• Task objective: Output nothing but the lines from the beginning of the listing below through the line containing "चित्र 14 - भारत माता।", exactly as they stand, without pictures.

------ Source data ------

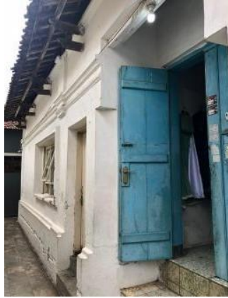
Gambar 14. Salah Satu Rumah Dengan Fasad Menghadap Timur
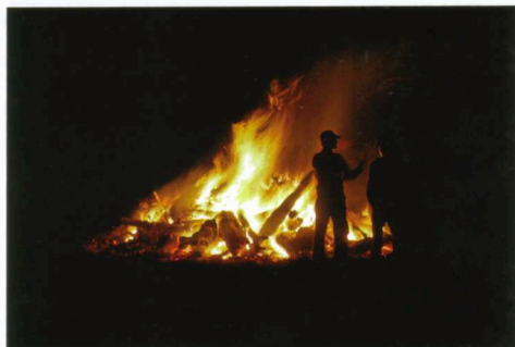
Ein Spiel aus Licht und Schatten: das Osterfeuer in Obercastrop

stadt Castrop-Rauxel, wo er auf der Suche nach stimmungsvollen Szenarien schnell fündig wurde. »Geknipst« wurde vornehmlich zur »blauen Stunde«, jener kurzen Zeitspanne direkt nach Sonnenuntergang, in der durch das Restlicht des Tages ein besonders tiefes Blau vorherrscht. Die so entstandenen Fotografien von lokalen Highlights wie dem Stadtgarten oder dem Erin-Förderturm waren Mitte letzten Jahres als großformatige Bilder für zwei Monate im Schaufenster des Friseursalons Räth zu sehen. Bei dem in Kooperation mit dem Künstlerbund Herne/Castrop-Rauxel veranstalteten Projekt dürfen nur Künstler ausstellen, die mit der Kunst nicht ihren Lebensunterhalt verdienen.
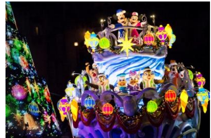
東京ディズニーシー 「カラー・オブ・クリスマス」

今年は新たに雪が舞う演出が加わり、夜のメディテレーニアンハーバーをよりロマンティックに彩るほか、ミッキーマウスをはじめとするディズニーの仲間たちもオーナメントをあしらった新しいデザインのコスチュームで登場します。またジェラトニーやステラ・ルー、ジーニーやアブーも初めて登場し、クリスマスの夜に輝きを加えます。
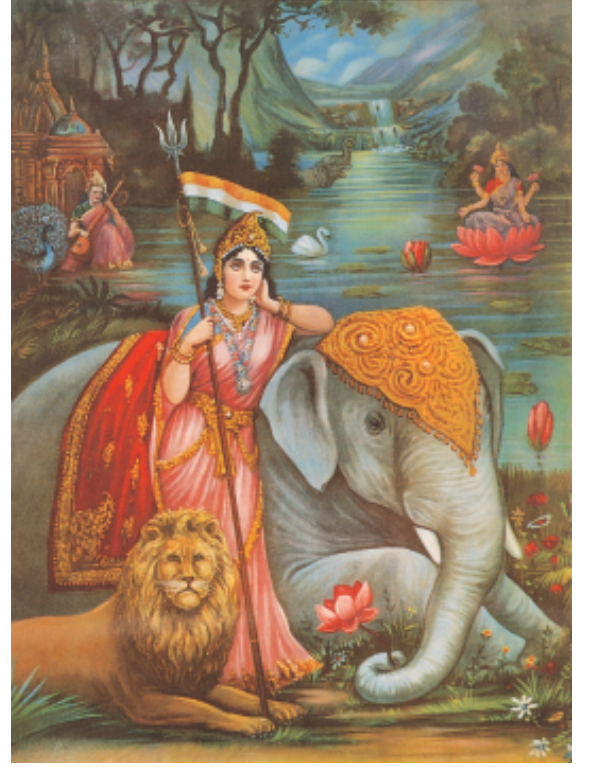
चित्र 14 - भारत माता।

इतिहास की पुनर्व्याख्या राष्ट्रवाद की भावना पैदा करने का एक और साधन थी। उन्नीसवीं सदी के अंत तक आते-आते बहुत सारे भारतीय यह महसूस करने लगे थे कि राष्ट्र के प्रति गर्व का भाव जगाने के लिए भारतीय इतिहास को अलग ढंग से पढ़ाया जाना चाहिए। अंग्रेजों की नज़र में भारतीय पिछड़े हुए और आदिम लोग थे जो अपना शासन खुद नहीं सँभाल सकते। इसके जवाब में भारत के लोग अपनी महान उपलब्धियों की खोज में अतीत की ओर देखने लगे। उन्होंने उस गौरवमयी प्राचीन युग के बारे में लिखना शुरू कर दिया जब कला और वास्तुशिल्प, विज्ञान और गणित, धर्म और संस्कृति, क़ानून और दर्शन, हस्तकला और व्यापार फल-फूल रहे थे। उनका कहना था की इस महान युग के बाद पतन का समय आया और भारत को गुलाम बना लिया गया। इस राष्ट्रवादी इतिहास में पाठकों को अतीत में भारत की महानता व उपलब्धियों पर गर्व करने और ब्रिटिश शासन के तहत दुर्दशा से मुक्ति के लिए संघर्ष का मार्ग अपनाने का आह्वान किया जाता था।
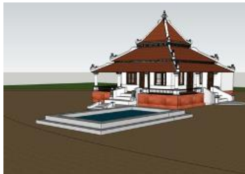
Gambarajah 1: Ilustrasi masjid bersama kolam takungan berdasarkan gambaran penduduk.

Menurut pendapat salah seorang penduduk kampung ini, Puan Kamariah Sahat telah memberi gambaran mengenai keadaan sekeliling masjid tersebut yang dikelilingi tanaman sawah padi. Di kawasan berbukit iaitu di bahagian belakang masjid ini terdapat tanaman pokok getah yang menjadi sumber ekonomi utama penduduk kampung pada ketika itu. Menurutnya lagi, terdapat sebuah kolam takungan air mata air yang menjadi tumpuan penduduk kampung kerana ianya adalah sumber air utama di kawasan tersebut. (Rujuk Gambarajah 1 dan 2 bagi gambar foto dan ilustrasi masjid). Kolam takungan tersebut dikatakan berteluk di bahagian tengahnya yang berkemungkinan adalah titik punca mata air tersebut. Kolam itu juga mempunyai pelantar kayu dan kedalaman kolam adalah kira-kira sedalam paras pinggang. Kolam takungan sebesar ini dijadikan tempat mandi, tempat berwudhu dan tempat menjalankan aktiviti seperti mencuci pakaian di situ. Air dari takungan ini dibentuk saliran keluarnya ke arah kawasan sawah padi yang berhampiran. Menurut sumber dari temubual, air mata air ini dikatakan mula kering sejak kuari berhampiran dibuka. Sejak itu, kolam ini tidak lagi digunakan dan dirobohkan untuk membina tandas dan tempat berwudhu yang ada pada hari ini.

------

• Result for this task:
Gambar 14. Salah Satu Rumah Dengan Fasad Menghadap Timur
Ein Spiel aus Licht und Schatten: das Osterfeuer in Obercastrop

stadt Castrop-Rauxel, wo er auf der Suche nach stimmungsvollen Szenarien schnell fündig wurde. »Geknipst« wurde vornehmlich zur »blauen Stunde«, jener kurzen Zeitspanne direkt nach Sonnenuntergang, in der durch das Restlicht des Tages ein besonders tiefes Blau vorherrscht. Die so entstandenen Fotografien von lokalen Highlights wie dem Stadtgarten oder dem Erin-Förderturm waren Mitte letzten Jahres als großformatige Bilder für zwei Monate im Schaufenster des Friseursalons Räth zu sehen. Bei dem in Kooperation mit dem Künstlerbund Herne/Castrop-Rauxel veranstalteten Projekt dürfen nur Künstler ausstellen, die mit der Kunst nicht ihren Lebensunterhalt verdienen.
東京ディズニーシー 「カラー・オブ・クリスマス」

今年は新たに雪が舞う演出が加わり、夜のメディテレーニアンハーバーをよりロマンティックに彩るほか、ミッキーマウスをはじめとするディズニーの仲間たちもオーナメントをあしらった新しいデザインのコスチュームで登場します。またジェラトニーやステラ・ルー、ジーニーやアブーも初めて登場し、クリスマスの夜に輝きを加えます。
चित्र 14 - भारत माता।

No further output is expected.